Читаем Университетский вопрос в России полностью

Более естественно и понятно, если автор, допуская возможность еще нескольких лекций в антрактах при прохождении курса по иному методу, приписывает лекциям следующее ценное и важное влияние: «Несколько речей, произнесенных во время прохождения курса науки, необходимы для поддержания в слушателях энергии в занятиях, для передачи им бодрого отношения к учению и для укрепления нравственного влияния на них учащего. Всего важнее при этом насаждение в них любви к труду, стремления к истине, возбуждение в слушателях чувства логичности мышления… непримиримости с противоречиями, или чувства ясности и последовательности мысли» (с. 43). Но только эти прекрасные слова, к которым я с удовольствием и вполне присоединяюсь, плохо мирятся с требованием устранения систематических лекций и допущением только начальной одной речи или двух-трех и нескольких речей вне всякой системы в течение прохождения курса. Разве то чувство «стремления к истине», «непримиримости с противоречиями», «чувство ясности и последовательности мысли», которое автор совершенно правильно считает своим долгом профессора внушать слушателям своими лекциями, не подсказало ему, что здесь у него явное противоречие, а во всяком случае о «последовательности мысли» не может быть и речи, не говоря уже о том, что описание поистине чудесных сил лекции в области «раскрытия» внутреннего духа, основных начал и т. д. – вообще в области выяснения и сообщения знаний, а равно и прекрасных свойств их в области научной этики, любви к научному труду, стремления к истине и т. п. находится в поразительном противоречии с тем, как в его же брошюре (с. 15–22) описываются лекции и их бесполезность и даже вредность. Там у него лекции «не давая знания, не дают и воспитания», а насаждают только «любовь к громкому слову, к красивой фразе, к поверхностному отношению к вопросам серьезным и трудным», «должны убивать способность к упорному самостоятельному труду и мышлению»; там даже оказывается, что невозможна вообще научность лекций («Если профессор читает общедоступно, преподавание перестает быть высшим; если чтение носит действительно научный характер, оно не по силам учащимся» (с. 17)). Разве эти отрицательные свойства лекций превратятся в противоположные, положительные качества вследствие того, что вместо методического и систематического чтения избирается отрывочное и бессистемное?
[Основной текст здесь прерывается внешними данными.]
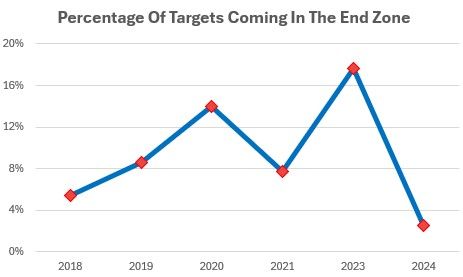 A stat like that is as much situational as talent-based, but does it matter if the chicken or the egg comes first? We are trying to project 2025 production, and all of that is factored in. We all like Ward, but there is a level of risk coming with the unknown under center and an offensive coordinator (Nick Holz) who doesn’t exactly have a sterling track record.

Место упраздняемых в качестве систематического приема университетского преподавания лекций занимает, по системе проф. Казанского, задавание уроков по учебнику и «собеседования» по «считающейся прочитанной студентами части учебника».

При этом университетские руководства, по мнению автора, не должны иметь характера ученых трудов. Они должны быть чужды ученого аппарата, ссылок на первоисточники, указаний литературы. «Обременять само руководство сносками на литературу и первоисточники нет никакой цели. Для учащихся они не нужны. Место их в ученых трудах» (с. 45). Это, по-видимому, несколько неудачная форма выражения той мысли, что учебники должны быть кратки и иметь догматический характер, что составители их не должны излагать прочих теорий, кроме принятого в учебнике мнения, вступать в полемику с ними и т. д., чтобы не «обременять» учебник. «Сноски на литературу и первоисточники» собственно учебник, т. е. учащихся (которые, конечно, таких примечаний не заучивают), вовсе не обременяют, а только дают им на университетское и последующее время ценные указания для проверки положений учебника, самостоятельного чтения и т. д.